The two talked the matter over for some time and when they separated it was with the fixed determination to play some underhanded trick and do "the Dodge crowd," as they called our friends much harm.
All of the boys who attended the local school had been waiting impatiently to learn when the present session would come to an end. Now it was announced that school would close the following Friday afternoon and remain shut up for three weeks and a half.
"Hurrah! that will give us just time enough for a dandy outing!" cried
Whopper.
"You'll have to kill a bear a day to make up the number you said you'd bring down," answered, Giant.
"Pooh! I never kill bears singly," sniffed Whopper. "I always kill them in pairs or by the half dozen."
"We've got to make sure that we can go first," said Shep. "Remember the school averages."
They did remember, and all were very anxious concerning the examinations to come off before the term closed.
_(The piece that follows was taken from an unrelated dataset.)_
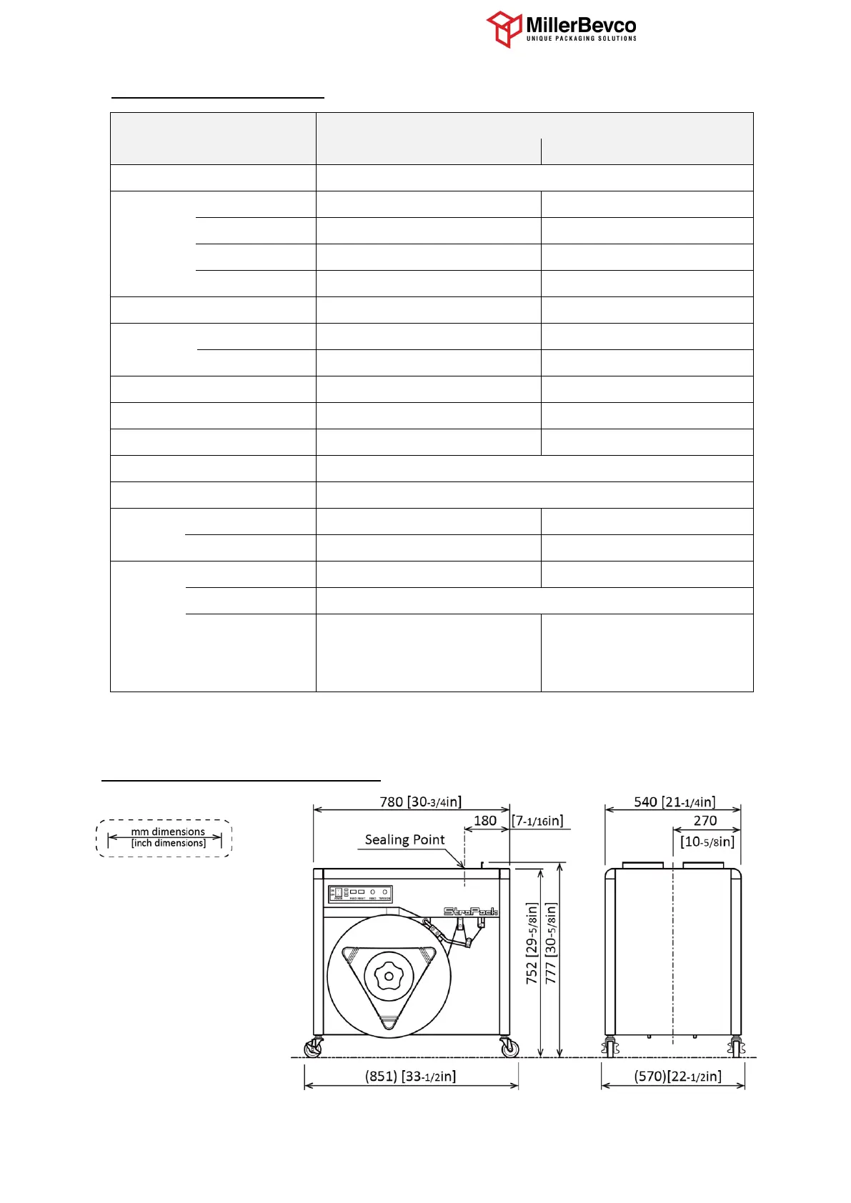 Strapack iQ400 - StraPack iQ-400 Standard Specifications; StraPack iQ-400 Dimensional Outline Drawing

They studied hard, and came out with an average of eight-eight to ninety-four per cent.
"Good!" said Snap. "Our folks can't find fault with such records." And nobody did find fault. On the contrary, the boys received not a little praise, and permission to go on the winter outing was readily granted.
"Let us start next Monday," said Giant, who was impatient to get away.
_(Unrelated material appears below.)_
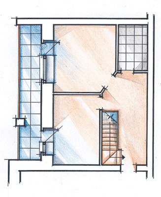 Опустив ограждение лоджии на три ряда кирпичей и возведя стеклянную стенку, в спальне добились ощущения максимального простора. Потолок балкона выше комнатного, поскольку это верхний этаж дома и балка лежит на уровне чердака. Проблему тепла решили с помощью утеплителя (толщиной30см)
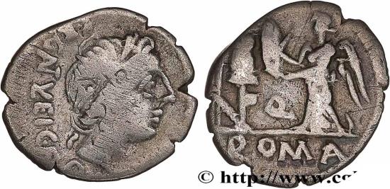 EGNATULEIA Quinaire 97 AC. Rome silver Obverse : C. EG(NAT)(VL)EI C. F. Q Tête laurée d’Apollon à droite Reverse : ROMA à l’exergue, au-dessus Q Victoire drapée debout à droite, tournée à gauche, posant un bouclier sur un trophée d’armes placé dans le champ à gauche, derrière une longue javeline et un carnyx Commentary : Flan ovale, centré. Usure régulière. Joli revers. Patine grise

"I doubt if we can get ready so quickly," answered Shep. "There is a good deal to do, you know."
"Then make it Tuesday," pleaded Giant.
"The ice on the river is perfect, so it will be the easiest thing in the world to skate to the lake and drag our sleds after us."
It had already been decided that they should go into camp at Firefly Lake, where they had left their summer shelter only a few months before. Firefly Lake was a beautiful sheet of water, or ice, located a mile from Lake Cameron, and about eleven miles from Fairview. To get to this spot they had to go to Lake Cameron first and then along a narrow watercourse which united the two sheets of water.
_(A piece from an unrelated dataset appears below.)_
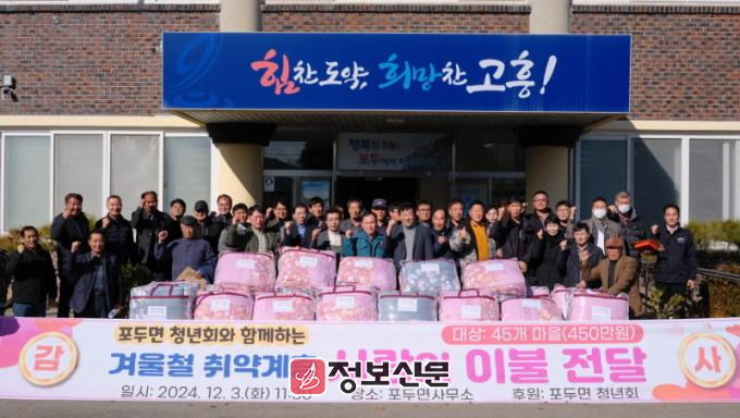 박종팔 포두면장은 “지역사회를 위해 항상 나눔을 실천하는 청년회원들의 사랑과 관심에 깊은 감사를 드리며, 앞으로도 관내 취약계층을 면밀히 살펴 따뜻한 겨울을 보낼 수 있도록 최선을 다하겠다”고 말했다.

The news quickly spread through the town that the Gun Club was going away on another outing, and many envied our friends their coming pleasures. Ham Spink and Carl Rudder looked sour over the prospects.
"Where are they going?" asked Carl.
"To Firefly Lake, to their old camp."
After this announcement both boys looked at each other suggestively.
"It will be moonlight to-night, and we can easily skate twenty or twenty-five miles," suggested Ham.
"So we can, Ham. Let us do it, and—fix things."
"We will," said Ham firmly.
As soon as it was settled that our friends were to go away before Christmas, and remain away over the holidays, they received from their parents several gifts in advance. All obtained snowshoes—picked out for them by their old hunter friend, Jed Sanborn—and they also procured an extra gun, an extra sled, and some warm camp blankets. They still possessed their old camp outfit and so it was an easy matter to gather the things together and get everything ready for the start. The outfit was packed upon two good-sized sleds and well fastened.
"I suppose we ought to have skated up to the camp and inspected things," observed Snap. "But I have been too busy to do so."
"Oh, I reckon everything is as we left it," answered Whopper.